ARTHUR MILLER — COMMUNIST: Paul Kengor does yeoman work sifting through the memory hole at the American Spectator:
Given this newfound fame and influence, by the mid-1950s, Arthur Miller was called to appear before the House Committee on Un-American Activities. His testimony on June 21, 1956 received tremendous attention. It prompted eye-catcher headlines in the New York Times, such as, “Arthur Miller Admits Helping Communist-Front Groups in ‘40s.” Or, as the Times put it in the lead: “Arthur Miller, playwright, disclosed today a past filled with Communist-front associations.”
To Congress, Miller conceded the numerous pro-communist appeals he had signed and the protests he joined by Red-backed groups. He refused to name names of those who were there with him. Likewise, he would not name people who joined him during the mere four or five times that he said he had attended Communist Party writers’ meetings. Miller also denied that he had ever been under “communist discipline” and would not answer the question of whether he had ever joined the Party.

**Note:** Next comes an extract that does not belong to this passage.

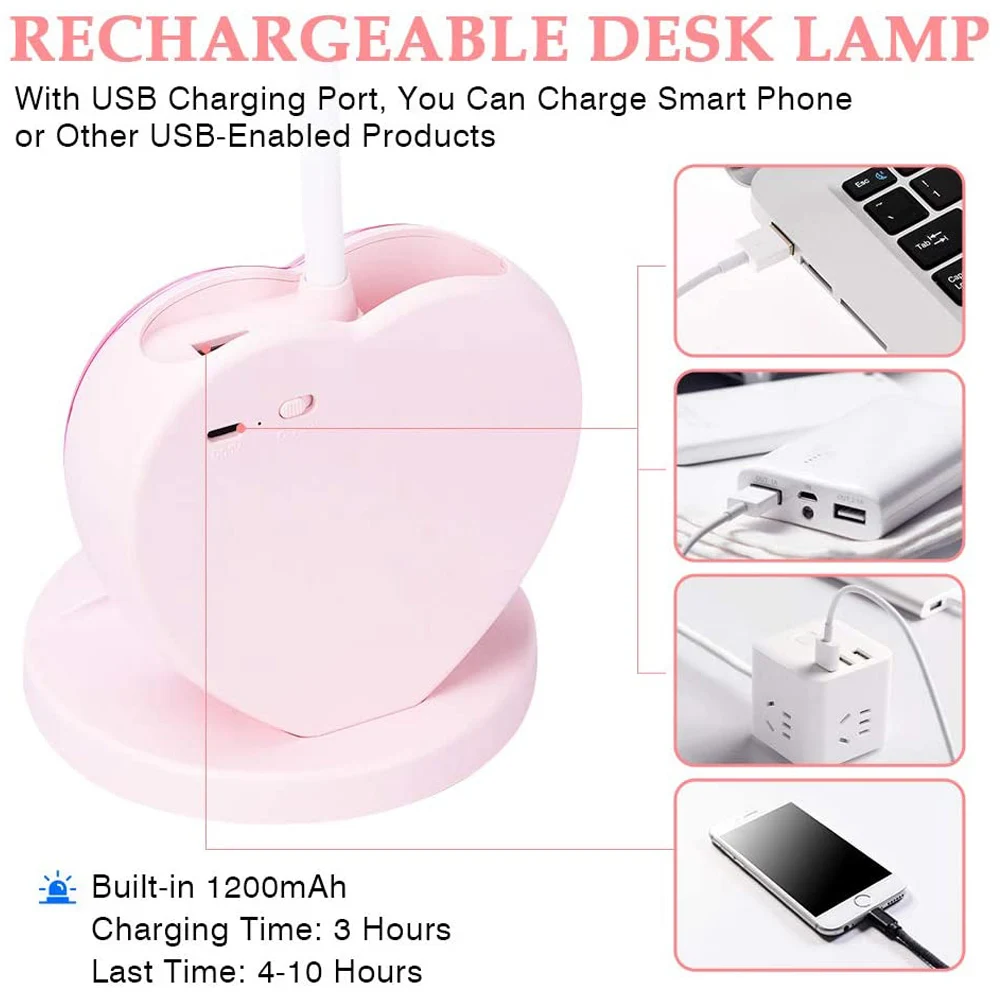 [Rechargeable battery and USB charging]-Equipped with a USB data cable, this cordless learning light can be easily powered by a power bank, AC adapter or the USB charging port of a laptop. The built-in 1200mAh rechargeable battery supports 3-8 hours of working time after being fully charged. Low power consumption and long service life. A bedside reading lamp suitable for teenagers/girls/boys.

The most dramatic moment of the hearing came when the House Committee’s lead counsel asked Miller if he once signed an application to join the Communist Party. As Miller dissembled, the counsel presented the exact five-digit application number on the Communist Party application form that contained Miller’s name and address at 18 Schermerhorn Street in New York. Congress went so far as to publish a photocopy of the application card.
That exhibit remains a striking form of evidence. A photocopy is published on page 191 of my book, Dupes. Under the banner “Victory in 1943,” the form states, “APPLICATION FOR MEMBERSHIP” and lists an “A. Miller,” with occupation of “writer” at an address that just happened to be Miller’s own Brooklyn address. The number of the application was 23345. Confronted with this rather compelling evidence, and asked if it indeed proved that he had made an “application for membership in the Communist Party,” Miller curiously told Congress, “I would not affirm that. I have no memory of such thing.”
For a man that the left still hails as nothing short of unsurpassable genius—with the word “brilliant” a standard description—this was a notable and lamentable memory crash.
Read the whole thing, which calls to mind Mark Steyn’s take on one of Miller’s contemporaries, novelist and screenwriter Dalton Trumbo. When an off-Broadway play originally starring Nathan Lane a decade ago attempted to whitewash Trumbo’s legacy, Steyn responded, “Although the play won’t tell you the answer to that famous question—‘Are you now or have you ever … ?’—the truth is: yes, he was. The more interesting question is: How do you feel about getting one of the great moral questions of the century wrong?”